## Activity
Every line of the data below must be output exactly, with images left out.
------ Material supplied
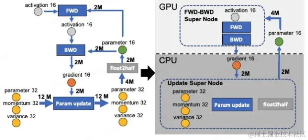 下图中有四个计算类节点:FWD、BWD、Param update和float2half,前两个计算复杂度大致是 O(MB), B是batch size,后两个计算复杂度是 O(M)。为了不降低计算效率,将前两个节点放在GPU,后两个节点不但计算量小还需要和Adam状态打交道,所以放在CPU上,Adam状态自然也放在内存中,为了简化数据图,将前两个节点融合成一个节点FWD-BWD Super Node,将后两个节点融合成一个节点Update Super Node。如下图右边所示,沿着gradient 16和parameter 16两条边切分。
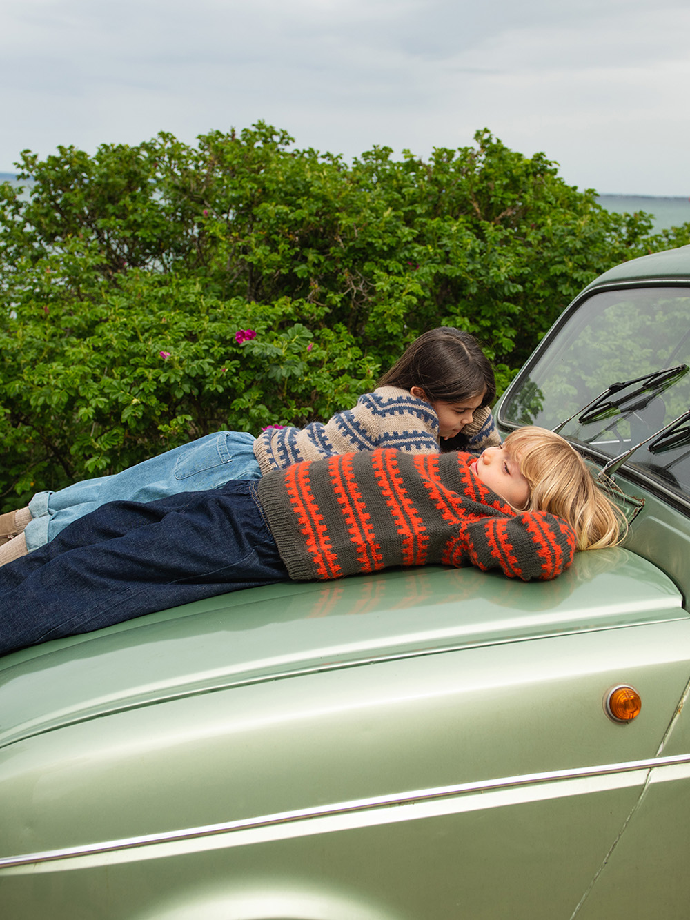 Ridge Sweater Junior – Strikkeopskrift i Double Sunday er en blød og varm sweater med et smukt, tredimensionelt mønster i Børstet Alpakka. Den strikkes oppefra og ned med raglanudtagninger, og arbejdet deles undervejs til ærmer og krop. En dejlig model til dig, der holder af fine detaljer og en god pasform.
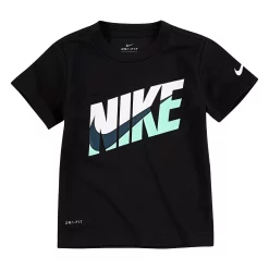 Dri-FIT interlock will help keep him dry and comfortable while a cool Nike logo graphic elevates his look in this boys’ athletic tee.
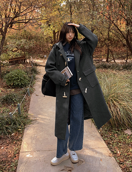 러스 衛衣 더플 長款 呢子大衣 85107
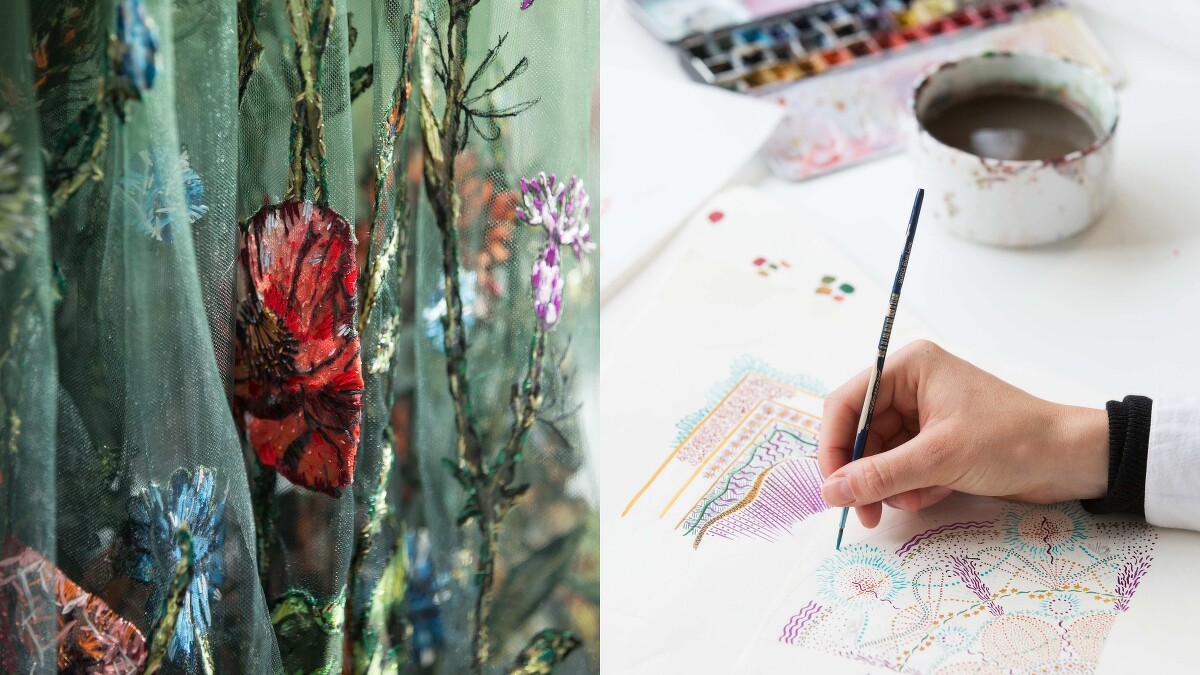 此外,Maria Grazia Chiuri也發揮創意巧思,將這些光雕藝術上的精緻圖騰轉化為系列中的彩繪印刷和珍貴刺繡,又或者在裙子後方繡上地區銘箴「Amando e Cantando(愛與歌唱)」,藉以讚頌普利亞與當地居民凝聚的歡樂慶典氛圍。另外像是Dior標幟性的Bar Jacket、和迪奧先生呼應的經典Miss Dior花卉刺繡洋裝…都在搭上受植物學家Giovanni Battista Ferrari於1638年出版的著作《De Florum Cultura》中的插圖啟發,與Pietro Ruffo創作五幅帶有格言的花卉圖案後有了新的民族元素。
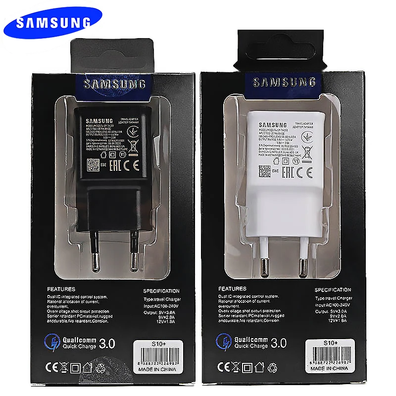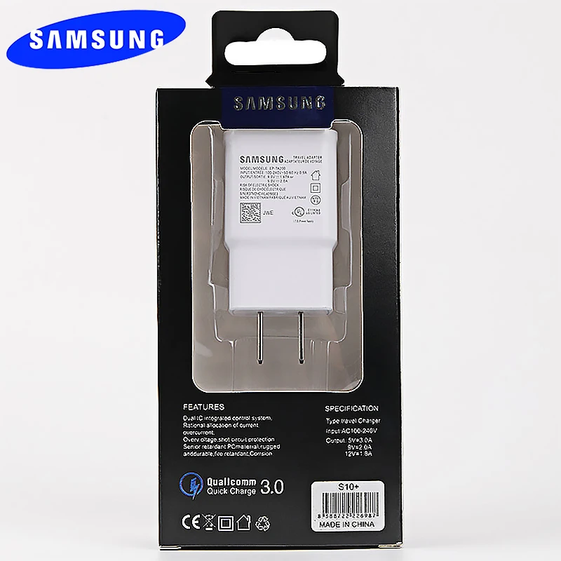 Зарядное устройство Samsung, для Galaxy S10, S9, S8, S7, S6, Edge Plus, J5, J7, J3, Note 9, 8, 7, 5, 3, для Европы и США, с поддержкой быстрой зарядки, EP-TA200
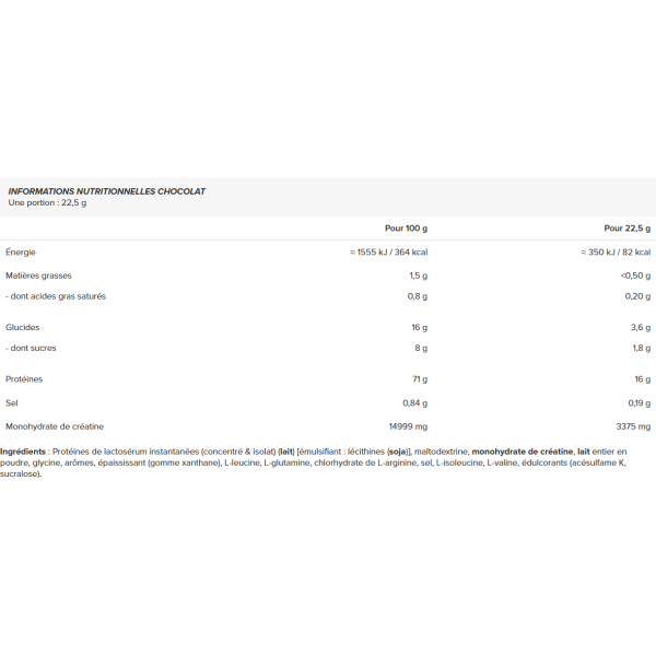 Ingrediënten - Chocolade: Instant wei-eiwit (concentraat & isolaat)(melk) [emulgator: lecithine(soja)], maltodextrine, creatinemonohydraat, volle melkpoeder, glycine, aroma's, verdikkingsmiddel (xanthaangom), L-leucine, L-glutamine, L-arginine hydrochloride, zout, L-isoleucine, L-valine, zoetstoffen (acesulfaam K, sucralose).
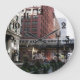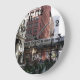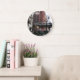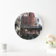 Verschönern Sie Ihren Wohnraum mit dieser modernen Wanduhr mit schwarzen Ziffern, die ein Foto des Hochbahngleises für Pendler in der Innenstadt von Chicago, Illinois zeigt. Wählen Sie Ihren Uhrstil zusammen mit der Farbe der Zeiger.
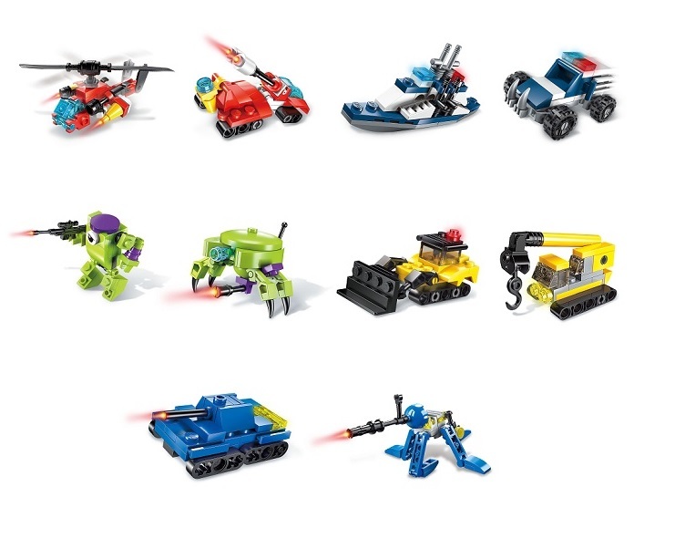 1x Sestřelovač letadel 3v1 (obsahuje 34 dílků) 1x Eskorní loď 3v1 (obsahuje 28 dílků) 1x Policejní auto "Hammer" 3v1 (obsahuje 31 dílků) 1x Robot "Troops" 3v1 (obsahuje 28 dílků) 1x Průzkumník "Beetle" 3v1 (obsahuje 30 dílků) 1x Buldozér "Swarm" 3v1 (obsahuje 30 dílků) 1x Jeřáb "Hoist" 3v1 (obsahuje 27 dílků) 1x Tank "Amphibious" 3v1 (obsahuje 36 dílků) 1x Robot "Pompom" 3v1 (obsahuje 31 dílků) Cena je za sadu 10 kusů. Je také možné zakoupit pouze 1 kus stavebnice. Stavebnice je kompatibilní s Lego, Sluban a dalšími stavebnicemi tohoto typu.
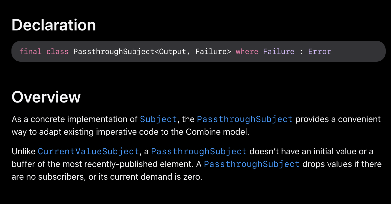 PassthroughSubject는 기존의 명령형 코드를 Combine 모델로 적용할때 편리한 방법을 제공해주는 Subject class입니다. 앞서 말했던것처럼 CurrentValueSubject와 다르게 PassthroughSubject는 최근 발행된 요소와 관련된 초기값이나 버퍼를 갖고있지 않습니다. 또한 만약 구독자가 없거나, demand값이 0일 경우, PassthroughtSubject는 값들을 버립니다.
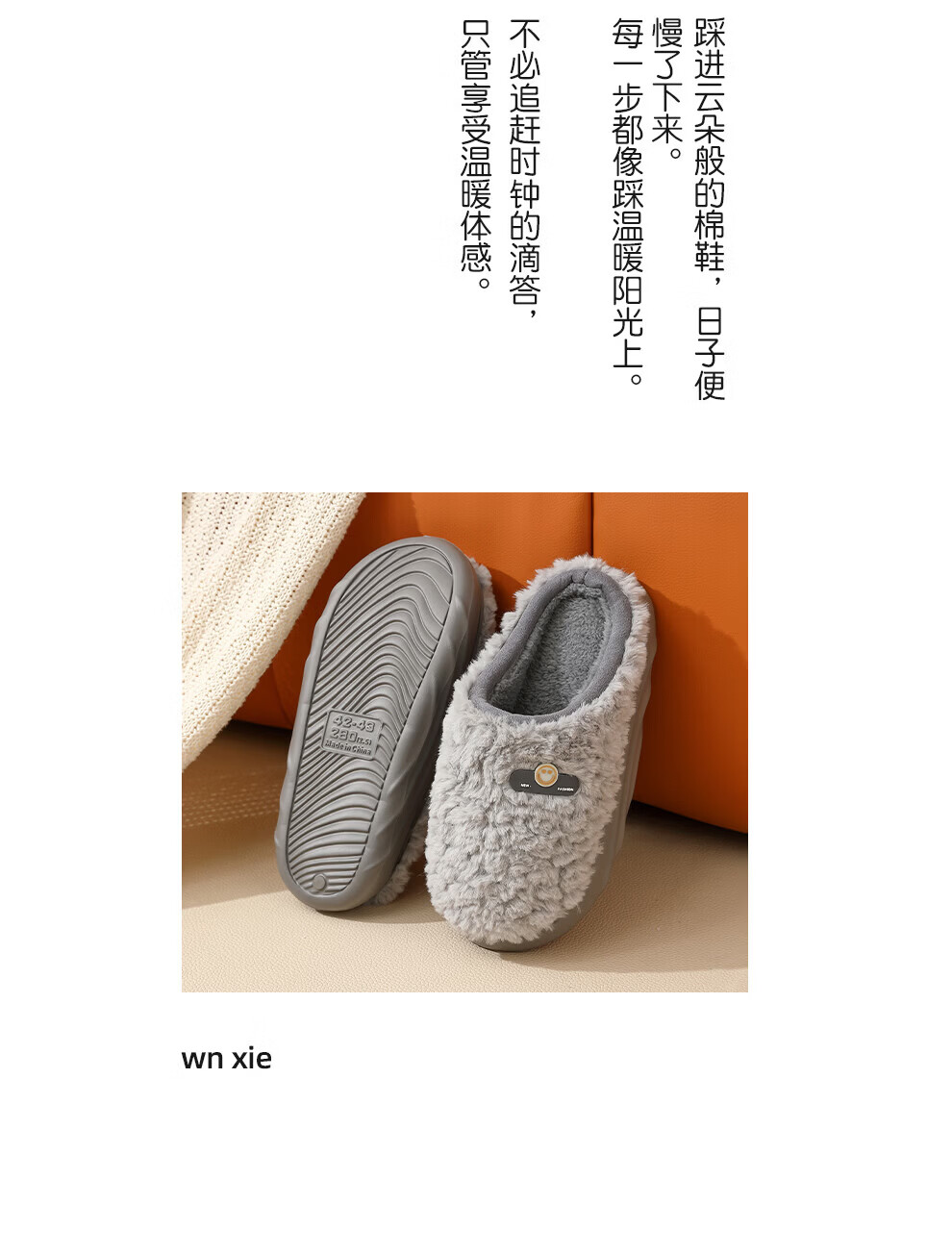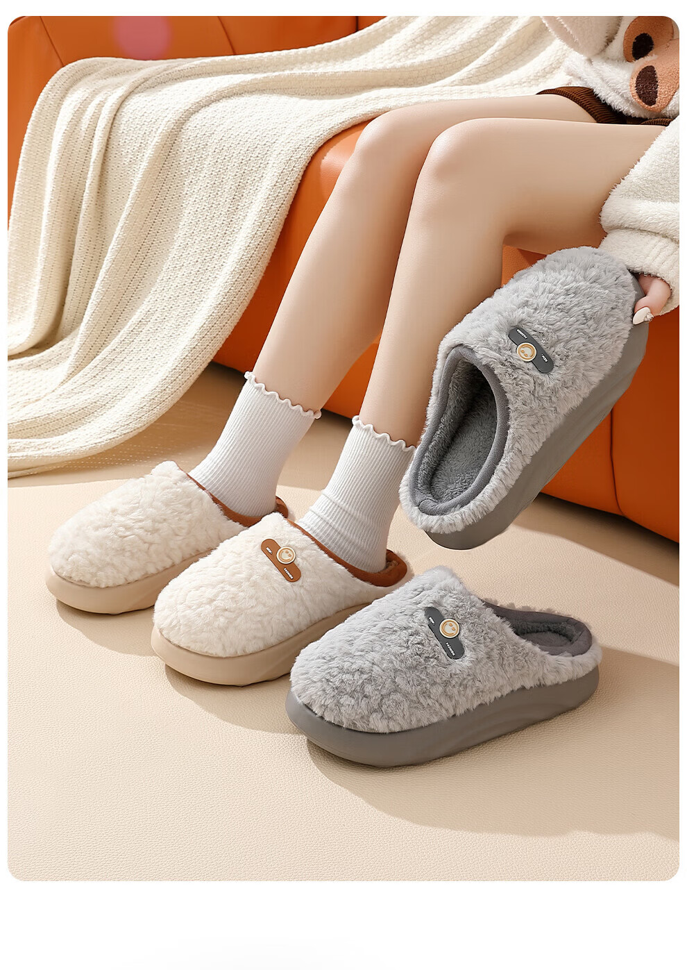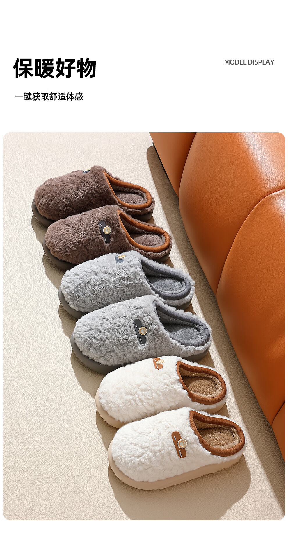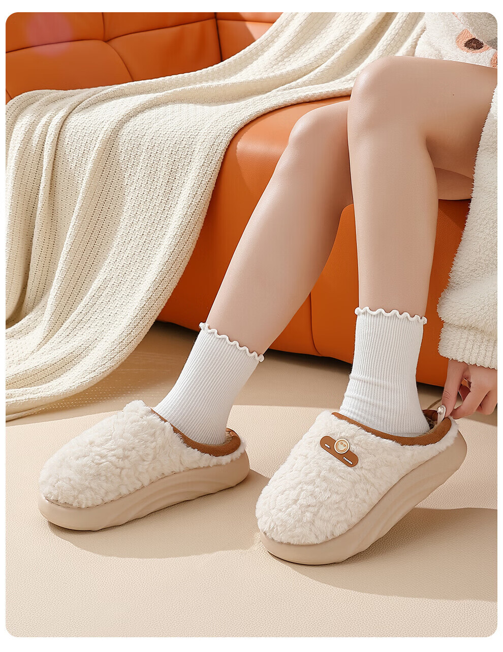 DMPD light luxury plush warm cotton slippers for women autumn and winter home soft elastic comfortable skin-friendly plush non-slip wear-resistant thick-soled slippers coffee color 44-45
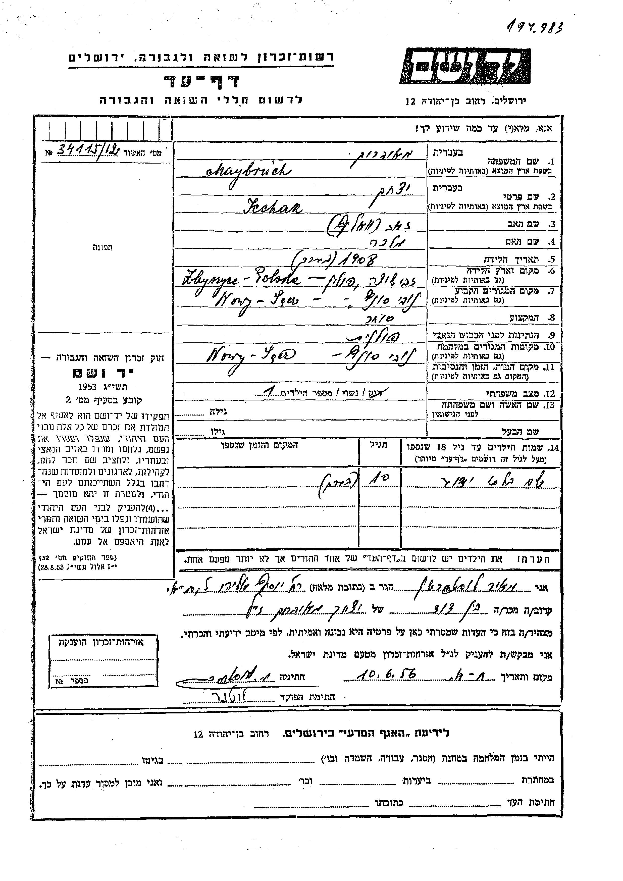 Isack Maybruch wurde im Jahr 1907 in Zbyszyce, Polen geboren. Er war Kaufmann/-frau. Vor dem Zweiten Weltkrieg lebte er in Nowy Sacz, Polen.
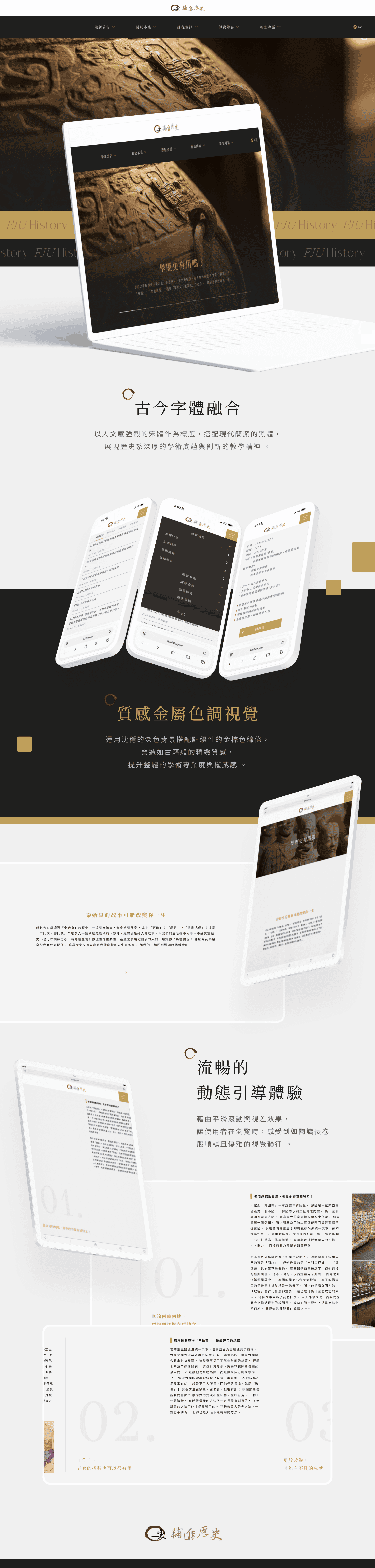 為輔仁大學進修部歷史系考生與在校生打造的專業資訊平台。網站旨在呈現該系結合傳統史學與現代應用、跨足文化創新的教學特色。其理念強調歷史不只是過去的紀錄,更是通往未來的基石,透過數位化的整合介面,提供透明的課程資訊與行政資源,展現其致力於培育具備全球視野與人文素養之歷史專業人才的教育核心。
------------
## Your solution
 下图中有四个计算类节点:FWD、BWD、Param update和float2half,前两个计算复杂度大致是 O(MB), B是batch size,后两个计算复杂度是 O(M)。为了不降低计算效率,将前两个节点放在GPU,后两个节点不但计算量小还需要和Adam状态打交道,所以放在CPU上,Adam状态自然也放在内存中,为了简化数据图,将前两个节点融合成一个节点FWD-BWD Super Node,将后两个节点融合成一个节点Update Super Node。如下图右边所示,沿着gradient 16和parameter 16两条边切分。
 Ridge Sweater Junior – Strikkeopskrift i Double Sunday er en blød og varm sweater med et smukt, tredimensionelt mønster i Børstet Alpakka. Den strikkes oppefra og ned med raglanudtagninger, og arbejdet deles undervejs til ærmer og krop. En dejlig model til dig, der holder af fine detaljer og en god pasform.
 Dri-FIT interlock will help keep him dry and comfortable while a cool Nike logo graphic elevates his look in this boys’ athletic tee.
 러스 衛衣 더플 長款 呢子大衣 85107
 此外,Maria Grazia Chiuri也發揮創意巧思,將這些光雕藝術上的精緻圖騰轉化為系列中的彩繪印刷和珍貴刺繡,又或者在裙子後方繡上地區銘箴「Amando e Cantando(愛與歌唱)」,藉以讚頌普利亞與當地居民凝聚的歡樂慶典氛圍。另外像是Dior標幟性的Bar Jacket、和迪奧先生呼應的經典Miss Dior花卉刺繡洋裝…都在搭上受植物學家Giovanni Battista Ferrari於1638年出版的著作《De Florum Cultura》中的插圖啟發,與Pietro Ruffo創作五幅帶有格言的花卉圖案後有了新的民族元素。
 Зарядное устройство Samsung, для Galaxy S10, S9, S8, S7, S6, Edge Plus, J5, J7, J3, Note 9, 8, 7, 5, 3, для Европы и США, с поддержкой быстрой зарядки, EP-TA200
 Ingrediënten - Chocolade: Instant wei-eiwit (concentraat & isolaat)(melk) [emulgator: lecithine(soja)], maltodextrine, creatinemonohydraat, volle melkpoeder, glycine, aroma's, verdikkingsmiddel (xanthaangom), L-leucine, L-glutamine, L-arginine hydrochloride, zout, L-isoleucine, L-valine, zoetstoffen (acesulfaam K, sucralose).
 Verschönern Sie Ihren Wohnraum mit dieser modernen Wanduhr mit schwarzen Ziffern, die ein Foto des Hochbahngleises für Pendler in der Innenstadt von Chicago, Illinois zeigt. Wählen Sie Ihren Uhrstil zusammen mit der Farbe der Zeiger.
 1x Sestřelovač letadel 3v1 (obsahuje 34 dílků) 1x Eskorní loď 3v1 (obsahuje 28 dílků) 1x Policejní auto "Hammer" 3v1 (obsahuje 31 dílků) 1x Robot "Troops" 3v1 (obsahuje 28 dílků) 1x Průzkumník "Beetle" 3v1 (obsahuje 30 dílků) 1x Buldozér "Swarm" 3v1 (obsahuje 30 dílků) 1x Jeřáb "Hoist" 3v1 (obsahuje 27 dílků) 1x Tank "Amphibious" 3v1 (obsahuje 36 dílků) 1x Robot "Pompom" 3v1 (obsahuje 31 dílků) Cena je za sadu 10 kusů. Je také možné zakoupit pouze 1 kus stavebnice. Stavebnice je kompatibilní s Lego, Sluban a dalšími stavebnicemi tohoto typu.
 PassthroughSubject는 기존의 명령형 코드를 Combine 모델로 적용할때 편리한 방법을 제공해주는 Subject class입니다. 앞서 말했던것처럼 CurrentValueSubject와 다르게 PassthroughSubject는 최근 발행된 요소와 관련된 초기값이나 버퍼를 갖고있지 않습니다. 또한 만약 구독자가 없거나, demand값이 0일 경우, PassthroughtSubject는 값들을 버립니다.
 DMPD light luxury plush warm cotton slippers for women autumn and winter home soft elastic comfortable skin-friendly plush non-slip wear-resistant thick-soled slippers coffee color 44-45
 Isack Maybruch wurde im Jahr 1907 in Zbyszyce, Polen geboren. Er war Kaufmann/-frau. Vor dem Zweiten Weltkrieg lebte er in Nowy Sacz, Polen.
 為輔仁大學進修部歷史系考生與在校生打造的專業資訊平台。網站旨在呈現該系結合傳統史學與現代應用、跨足文化創新的教學特色。其理念強調歷史不只是過去的紀錄,更是通往未來的基石,透過數位化的整合介面,提供透明的課程資訊與行政資源,展現其致力於培育具備全球視野與人文素養之歷史專業人才的教育核心。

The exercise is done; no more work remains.